METHOD

DESCRIPTION

The present invention relates to a device for grinding coffee beans and a method for its control.

As is known, the final result of the brewing is influenced by a variety of parameters, depending or not on the user's preferences.

For example, the final particle size of ground coffee powder is one of the most important variables in determining the final result.

The final particle size of the coffee powder heavily influences the hydraulic conditions of the percolation, determining the pressure drop of the percolation water and consequently the flow rate provided by the pump and the thermal behaviour of the boiler.

A finer grinding leads to a greater extraction of the substances contained in the coffee, producing a stronger and more full-bodied drink and with the production of a lot of cream, while a coarser grinding is more suitable for the preparation of a less extracted coffee with less cream.

The definition of the correct dose of ground coffee at a given particle size in accordance with the user's taste is made difficult by the variability of many other parameters depending on the type of coffee used, in particular by the batch, the brand, the roasting, its moisture content, and on the other side by the grinder, in particular by the grinding system, the mechanical adjustment once it has been broken in, the wear of the grinders, and the quantity of coffee introduced.

US20 13001339 discloses a time-based grinder control method, in which the quantity of ground coffee is set by the user via an interface. The controller of the grinder varies the activation time of the grinder as a function of the setting of the particle size of the coffee powder selected by the user.

The disadvantage of this method is that it does not take into account a multiplicity of ancillary conditions which can affect the final result.

The technical task of the present invention is therefore to make a device for grinding coffee and its control method which make it possible to eliminate the cited technical drawbacks of the prior art.

As part of this technical task, an object of the invention is to provide a correct quantity of ground coffee taking into account both user-selectable preferences and ancillary conditions which cannot be determined by the user.

The technical task, as well as these and other objects, are obtained according to the present invention by a grinding device for grinding coffee beans, comprising a hopper for the coffee beans, grinders, an interface for the user for selecting the quantity of ground coffee in a range of values of selectable quantities of coffee powder, an electric motor supplied by mains electricity voltage for driving the grinders, characterised in that it comprises measuring means for measuring the mains electricity voltage and an electronic controller configured to:

-associate, for each value of a selectable quantity of ground coffee, a series of grinding time values with a series of corresponding values of the mains electricity voltage;

-acquire a value of a quantity of ground coffee selected by the user via said interface;

-detect by said measuring means a mains electricity voltage value; - for the acquired value of a quantity of ground coffee selected by the user, set the grinding time value corresponding to the detected mains electricity voltage value; and

-drive the grinders for the set grinding time value.

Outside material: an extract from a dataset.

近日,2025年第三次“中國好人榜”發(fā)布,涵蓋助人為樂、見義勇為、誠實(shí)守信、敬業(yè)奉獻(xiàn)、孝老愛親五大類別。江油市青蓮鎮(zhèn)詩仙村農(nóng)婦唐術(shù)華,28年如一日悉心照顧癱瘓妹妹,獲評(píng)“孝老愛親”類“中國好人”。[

The present invention also relates to a method for controlling a grinding device for grinding coffee beans having grinders drivable by an electric motor supplied by a mains electricity voltage, characterised in that it comprises the following steps: -associating, for each value of a selectable quantity of ground coffee by a user, a series of grinding time values with a series of corresponding values of the mains electricity voltage;

-acquiring a value of a quantity selected by the user of ground coffee;

-detecting a mains electricity voltage value;

- for the acquired value of a quantity selected by the user of ground coffee, setting the grinding time value corresponding to the detected mains electricity voltage value; and

-driving the grinders for the set grinding time value.

Advantageously the association, for each quantity of ground coffee selectable by a user, of the grinding times with the corresponding values of the mains electricity voltage is experimentally determinable.

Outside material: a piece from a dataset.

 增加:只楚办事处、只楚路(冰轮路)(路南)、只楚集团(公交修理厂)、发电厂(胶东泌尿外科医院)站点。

The association can be determined experimentally and be represented by a mathematical law or by a table which, for each value of ground coffee quantity selectable by a user, establishes a two-way correspondence between grinding time and mains electricity voltage.

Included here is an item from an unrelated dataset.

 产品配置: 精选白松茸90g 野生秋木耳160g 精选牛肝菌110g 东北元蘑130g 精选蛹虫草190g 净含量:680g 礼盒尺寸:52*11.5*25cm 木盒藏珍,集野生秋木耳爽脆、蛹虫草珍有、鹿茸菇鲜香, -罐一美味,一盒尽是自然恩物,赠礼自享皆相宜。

Therefore, the present invention allows to compensate for the temporal variations in mains supply voltage due to the variability of the load of the electricity distribution mains which, for example, can vary significantly between day and night when many industrial plants are stopped.

Dispensing the correct quantity of ground coffee obtained by modifying the grinding time as the mains supply voltage changes improves the user experience, since they can taste a coffee with organoleptic properties corresponding to their choices.

The quantity of ground coffee selectable by the user is linked to several parameters, including the origin of the coffee, the roasting degree of the coffee beans, the particle size of the ground coffee, the mechanical and/or electrical tolerances of the grinding device.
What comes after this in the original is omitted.